All the lines below need to be transcribed exactly. Pictures get left out.

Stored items
******

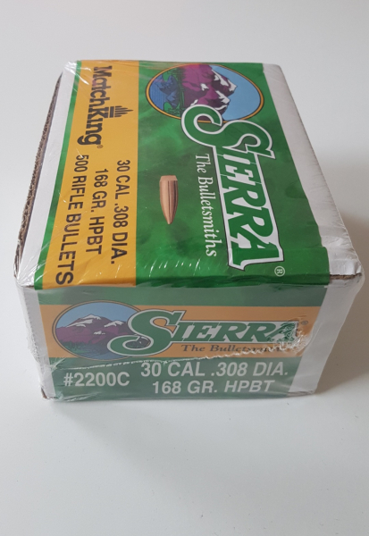 angeboten werden 500 Stück Sierra 30 cal. (.308 Dia) Matchking 168gr, HPBT, in OVP ungeöffneter Bulk, alles aus einem Los, Sierra # 2200C
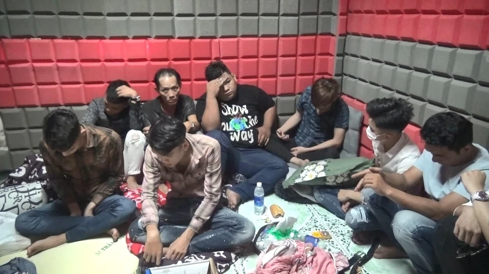 Tại đây, cơ quan công an phát hiện hàng chục thanh niên nam, nữ đang tụ tập sử dụng trái phép chất ma tuý trong tiếng nhạc chát chúa.
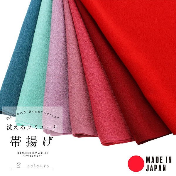テイジンが開発したラミエール素材の洗える帯揚げです。洗濯しても縮まず、光沢のある風合いが変わらないのがうれしいですね。色落ちの心配もなく、気軽にお使いいただける帯揚げとして重宝していただけると思います。淡い上品なお色からビビットで個性的なお色まで豊富に取り揃えております。様々なカラーの中からお気に入りのお色をぜひ見つけてくださいね。
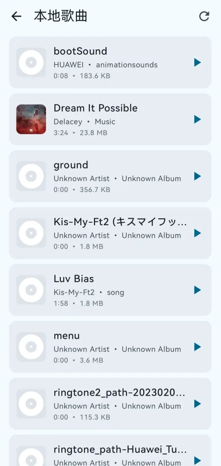3、扫描的过程会有一点长,需要耐心等待一会。扫描完毕后不但会显示音乐文件,录音文件也会被识别到。
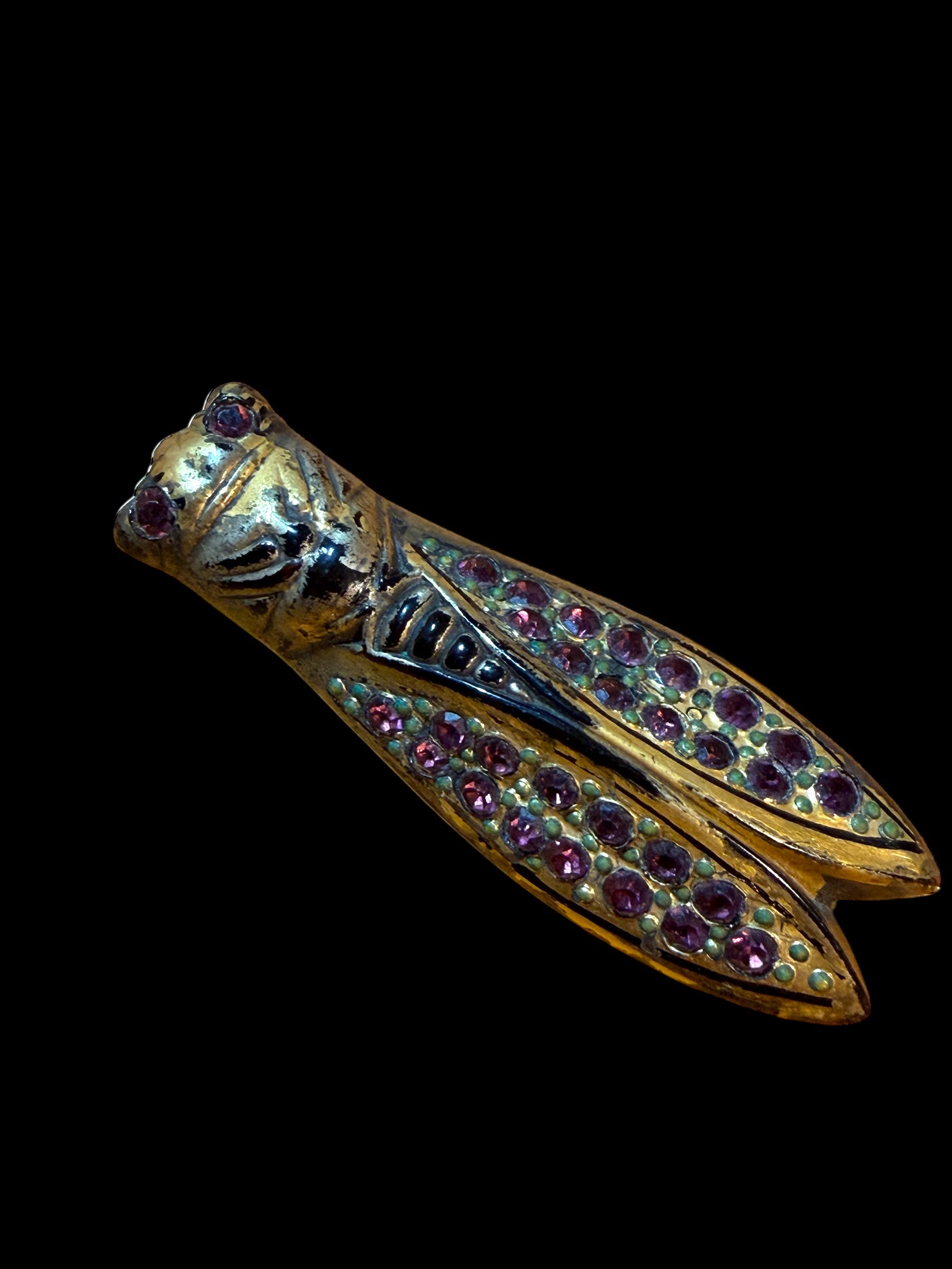 Splendida spilla Liberty a guisa di cicala temepestata di pates de verre color ametista

******

> _Output for this task_:
 angeboten werden 500 Stück Sierra 30 cal. (.308 Dia) Matchking 168gr, HPBT, in OVP ungeöffneter Bulk, alles aus einem Los, Sierra # 2200C
 Tại đây, cơ quan công an phát hiện hàng chục thanh niên nam, nữ đang tụ tập sử dụng trái phép chất ma tuý trong tiếng nhạc chát chúa.
テイジンが開発したラミエール素材の洗える帯揚げです。洗濯しても縮まず、光沢のある風合いが変わらないのがうれしいですね。色落ちの心配もなく、気軽にお使いいただける帯揚げとして重宝していただけると思います。淡い上品なお色からビビットで個性的なお色まで豊富に取り揃えております。様々なカラーの中からお気に入りのお色をぜひ見つけてくださいね。
3、扫描的过程会有一点长,需要耐心等待一会。扫描完毕后不但会显示音乐文件,录音文件也会被识别到。
 Splendida spilla Liberty a guisa di cicala temepestata di pates de verre color ametista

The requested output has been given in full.